== SUPPLIED DATA ==

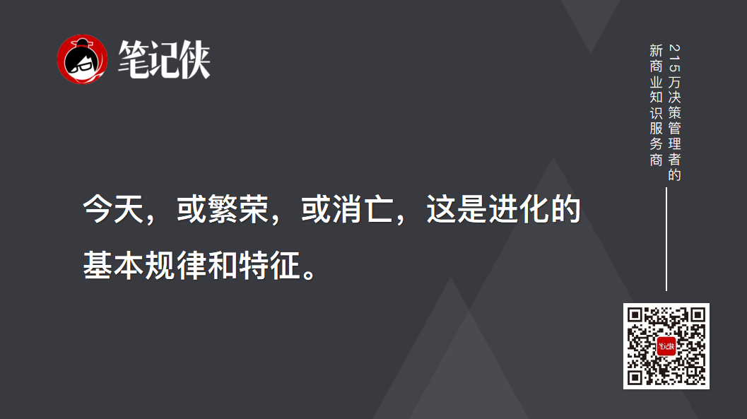 身处间断平衡的进化模式中,恐怕我们不得不告诉自己,不做数字化转型,也许真的要消亡;做数字化转型,就有机会进入繁荣的阶段。
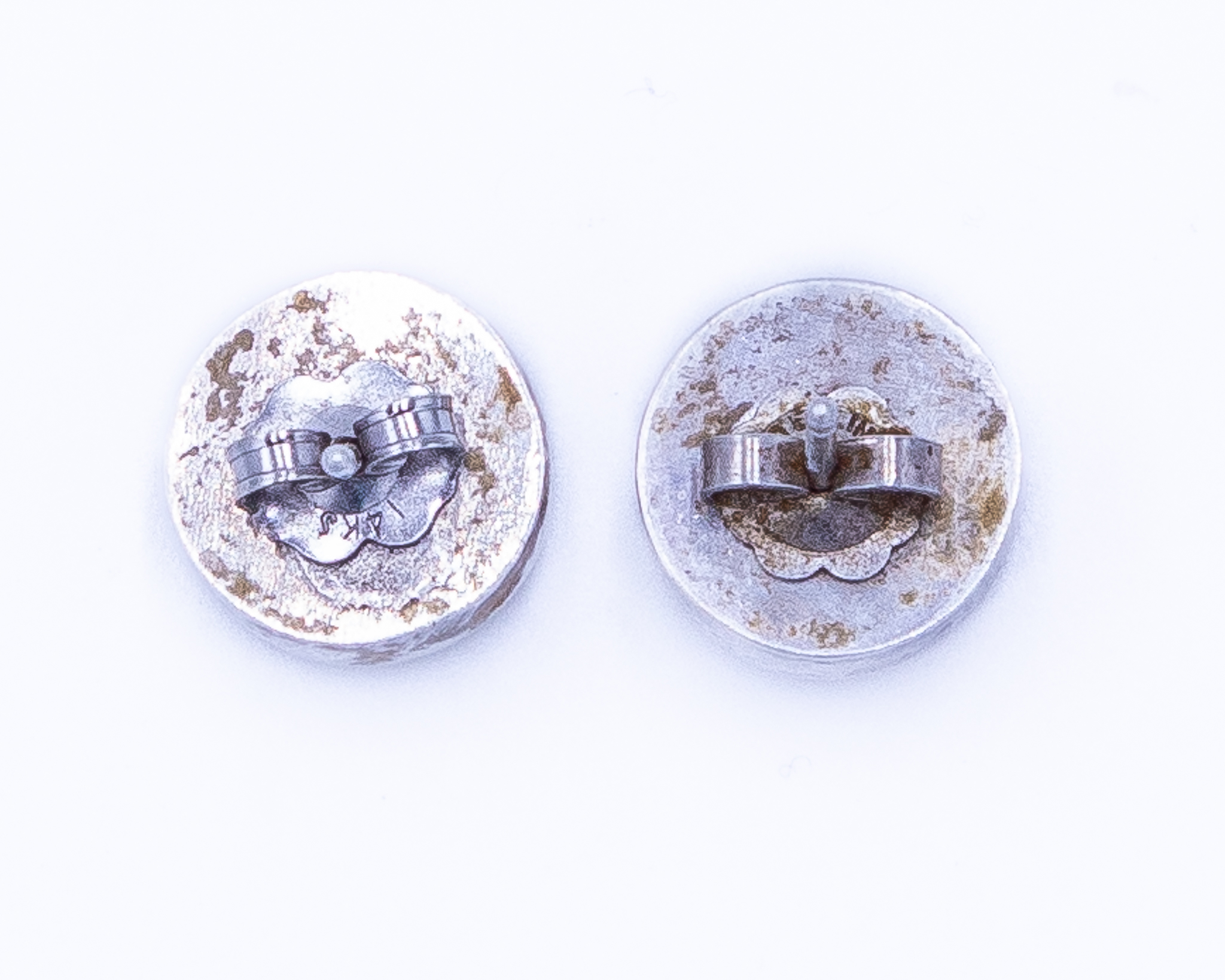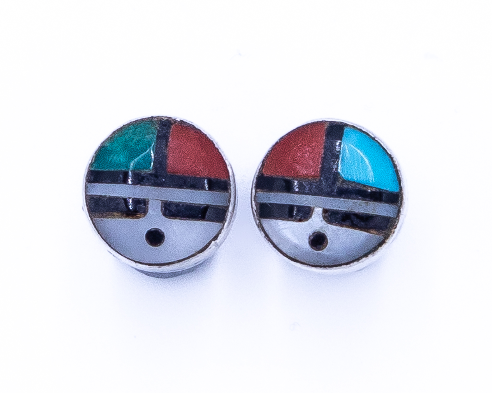Vintage Zuni Multi Stone Sterling Sunface Inlay Earrings-Mother of Pearl, Turquoise, Coral, Onyx
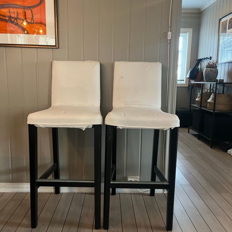 Svært lite brukte barstoler selges. 3 stk. Svart imitert skinn, natur eikefarget bein. Kr 500 for tre like stoler. Må hentes på adressen.

===

→ TASK DIRECTIONS
When copying the listing, skip the pictures and keep each line exactly as written.

→ RESPONSE AREA
 身处间断平衡的进化模式中,恐怕我们不得不告诉自己,不做数字化转型,也许真的要消亡;做数字化转型,就有机会进入繁荣的阶段。
Vintage Zuni Multi Stone Sterling Sunface Inlay Earrings-Mother of Pearl, Turquoise, Coral, Onyx
 Svært lite brukte barstoler selges. 3 stk. Svart imitert skinn, natur eikefarget bein. Kr 500 for tre like stoler. Må hentes på adressen.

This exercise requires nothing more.